Last Tuesday the Republican-majority Michigan legislature gave final approval on Tuesday to “right-to-work” restrictions on public sector unions in a state considered a stronghold of organized labor, as protesters chanted in the gallery and thousands rallied outside. The House passed the measure making membership and payment of union dues voluntary for public sector employees such as teachers by a 58-51 vote.
More than 12,000 workers from throughout Michigan and the US Midwest protested as the legislature voted, most gathered in freezing temperatures and a light snow outside the building. Trish Kahle was one of the protesters and this is her report of the day's events.


It’s clear that the passage of “Right to Work” (for less) legislation in Michigan, a union strong-hold, seventy-five years after the wave of “sit-down” strikes that began in Flint, was an enormous defeat for the labor movement.  As Eric Ruder reported at SocialistWorker.org:

 Union pride runs deep in Michigan, and the defeat came as a shock to generations of Michigan’s workers. “Right-to-work” legislation makes it possible for anti-union workers to enjoy the benefits of working in a union-organized workplace without having to pay their fair share of union dues–an idea that union households find particularly odious.

Our parents, our grandparents and our great grandparents fought and literally died so that we could have better wages, better livelihoods, better benefits and more worker safety,” said Ted Copley, a Detroit firefighter. Susan Abraham of Delta Township, who took part in the protest wearing a Mrs.

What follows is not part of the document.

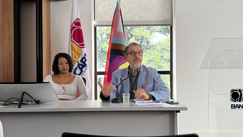 O presidente da Fetec-CUT/CN, Cleiton dos Santos, salientou os desafios que os bancários terão que enfrentar neste ano e citou a questão da saúde mental dos trabalhadores como uma das preocupações da categoria.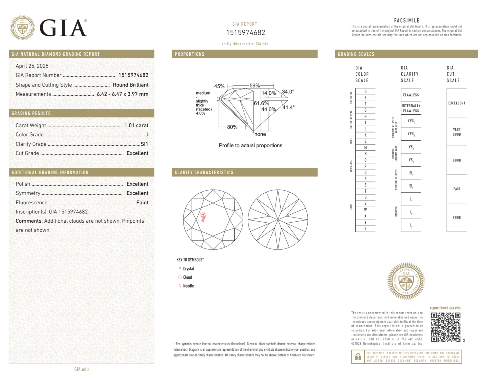 Your 1.01 carat Round natural diamond is graded J color (Near Colorless), and you can read more about J color diamonds here.

Claus outfit, said: “Our family wouldn’t be where it is today without the UAW.

The impact this defeat will have on the momentum of the labor movement, which had picked up some steam in Madison in early 2011 and was hurtled forward by the Chicago Teachers Strike in September, should not be underestimated.  But by the same token, my experience on the ground in Lansing yesterday also showed the tremendous potential of the time we are living in, and it highlighted the need for organizers to begin coordinated work to learn and generalize the lessons of Madison, Chicago, and Michigan: the need to break from the electoral strategy, the importance of rank-and-file activation and leadership, and need to maintain the workplace as a center of struggle.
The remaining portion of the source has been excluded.